Всеволод увидел, что Григорий смотрит совершенно ясными глазами, и свет ему вовсе не во вред.

– Полагаю, – подбирая слова, вежливо ответил настырному приятелю-собеседнику дракон, – у тех, кто нарушил это… уединение, тоже были причины для волнения.

Пастырь усмехнулся.

– Ну… пожалуй. Связи и узы вообще вещь запутанная. Ну, да. Интересно всё же. Так его связали, представьте, волосом той особы…

– Уединение с которой было нарушено? – Догадливо спросил дракон.

– Да, да! – Обрадованно поддержал Григорий. – Именно-с.

Он замолчал, указывая почему-то на жёлтые травы, спутанные перепёлками, прибавил:

– И волоска этого он порвать не смог. Даже и сказано в старой песне о нём: умрёт, а не порвёт.

– Да, удивительно.

Далее произошло нечто невыразимое и, осмелюсь сказать, вопиющее. Всеволод медленно повернулся всем корпусом к пастырю, развлекавшему гостя любезною и занимательной беседой, и в упор посмотрел в зелёные, с прищуром глаза своими неопределённо светлыми, и взгляд этот был ледяным и вопросительным взглядом. Абсолютно ясно прочиталось в нём такое: «Любезный, вы говорите вздор, и вздор притом многозначительный, что и всегда мало приятно терпеливому и доброму собеседнику.

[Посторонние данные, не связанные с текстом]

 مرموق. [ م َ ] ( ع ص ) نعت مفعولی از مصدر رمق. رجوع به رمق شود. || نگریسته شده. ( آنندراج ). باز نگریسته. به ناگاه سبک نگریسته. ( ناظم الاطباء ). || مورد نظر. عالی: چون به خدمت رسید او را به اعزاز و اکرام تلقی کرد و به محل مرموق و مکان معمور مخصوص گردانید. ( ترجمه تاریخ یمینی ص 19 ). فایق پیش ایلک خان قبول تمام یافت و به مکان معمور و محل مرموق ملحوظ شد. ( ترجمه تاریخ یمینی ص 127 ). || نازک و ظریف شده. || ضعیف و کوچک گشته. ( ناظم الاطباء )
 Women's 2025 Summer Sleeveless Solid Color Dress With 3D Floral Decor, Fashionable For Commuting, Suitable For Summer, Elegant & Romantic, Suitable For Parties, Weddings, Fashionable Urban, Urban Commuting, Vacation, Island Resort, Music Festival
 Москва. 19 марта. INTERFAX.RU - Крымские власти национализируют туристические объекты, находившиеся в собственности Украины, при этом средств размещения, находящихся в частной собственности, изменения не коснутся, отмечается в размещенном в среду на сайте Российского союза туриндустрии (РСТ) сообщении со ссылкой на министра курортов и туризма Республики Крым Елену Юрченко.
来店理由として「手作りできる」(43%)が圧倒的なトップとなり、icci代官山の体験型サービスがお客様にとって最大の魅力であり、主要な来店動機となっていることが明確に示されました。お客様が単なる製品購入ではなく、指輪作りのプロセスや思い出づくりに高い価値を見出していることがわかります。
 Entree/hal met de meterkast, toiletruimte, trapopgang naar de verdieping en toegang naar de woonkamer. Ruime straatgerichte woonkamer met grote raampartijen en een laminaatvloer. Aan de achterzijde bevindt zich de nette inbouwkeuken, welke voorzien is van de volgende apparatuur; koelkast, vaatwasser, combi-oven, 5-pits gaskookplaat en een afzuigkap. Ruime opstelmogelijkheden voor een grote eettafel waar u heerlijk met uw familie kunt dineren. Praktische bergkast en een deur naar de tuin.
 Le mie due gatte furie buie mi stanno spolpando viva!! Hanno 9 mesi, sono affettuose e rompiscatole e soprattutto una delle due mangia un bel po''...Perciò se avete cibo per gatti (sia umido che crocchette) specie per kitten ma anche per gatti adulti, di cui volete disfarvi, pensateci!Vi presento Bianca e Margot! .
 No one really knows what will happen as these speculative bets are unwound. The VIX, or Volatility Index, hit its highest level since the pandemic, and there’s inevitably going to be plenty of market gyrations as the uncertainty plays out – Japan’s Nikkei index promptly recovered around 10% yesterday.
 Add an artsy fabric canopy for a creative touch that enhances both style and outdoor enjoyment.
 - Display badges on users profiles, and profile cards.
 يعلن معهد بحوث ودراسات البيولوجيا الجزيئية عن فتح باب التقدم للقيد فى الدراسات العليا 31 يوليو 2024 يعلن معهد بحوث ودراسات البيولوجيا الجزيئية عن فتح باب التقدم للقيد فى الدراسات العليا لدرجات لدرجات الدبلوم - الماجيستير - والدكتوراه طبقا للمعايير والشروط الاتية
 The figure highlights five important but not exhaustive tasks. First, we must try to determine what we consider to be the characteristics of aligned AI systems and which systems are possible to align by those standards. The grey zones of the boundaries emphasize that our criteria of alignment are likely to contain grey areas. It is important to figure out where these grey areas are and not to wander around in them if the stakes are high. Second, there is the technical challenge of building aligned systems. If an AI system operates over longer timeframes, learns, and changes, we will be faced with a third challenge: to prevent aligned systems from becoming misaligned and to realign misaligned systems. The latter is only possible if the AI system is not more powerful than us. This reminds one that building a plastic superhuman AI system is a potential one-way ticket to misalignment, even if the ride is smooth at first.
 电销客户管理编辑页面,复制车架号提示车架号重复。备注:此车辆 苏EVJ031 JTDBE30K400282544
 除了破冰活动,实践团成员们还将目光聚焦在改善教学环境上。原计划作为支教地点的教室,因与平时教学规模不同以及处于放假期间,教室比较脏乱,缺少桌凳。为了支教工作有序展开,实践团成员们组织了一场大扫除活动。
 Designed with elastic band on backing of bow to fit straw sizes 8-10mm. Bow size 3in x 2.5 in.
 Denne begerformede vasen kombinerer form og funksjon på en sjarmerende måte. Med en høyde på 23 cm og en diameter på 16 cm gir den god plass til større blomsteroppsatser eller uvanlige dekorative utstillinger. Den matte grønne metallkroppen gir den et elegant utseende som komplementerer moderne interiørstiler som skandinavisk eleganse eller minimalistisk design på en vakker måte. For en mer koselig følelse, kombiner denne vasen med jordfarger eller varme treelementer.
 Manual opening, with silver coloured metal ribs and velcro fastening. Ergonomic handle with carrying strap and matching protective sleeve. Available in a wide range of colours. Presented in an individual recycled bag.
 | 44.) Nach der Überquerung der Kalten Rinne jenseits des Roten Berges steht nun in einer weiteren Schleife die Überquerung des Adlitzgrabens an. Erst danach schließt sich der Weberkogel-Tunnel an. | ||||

Я тут на положении гостя, и я – человек учтивый, и потому вынужден слушать ваш многозначительный и оттого неучтивый вздор… Прошу прекратить, ежели вам будет угодно, избавить меня».

Словом, сделалось в знойный этот час что-то неладное и, мягко говоря, ненужное.

Пастырь ужасно, казалось, сконфузился и тревожно замигал потемневшими глазами, хотя и не тотчас отвёл их. Более того, он опечалился (что было естественно).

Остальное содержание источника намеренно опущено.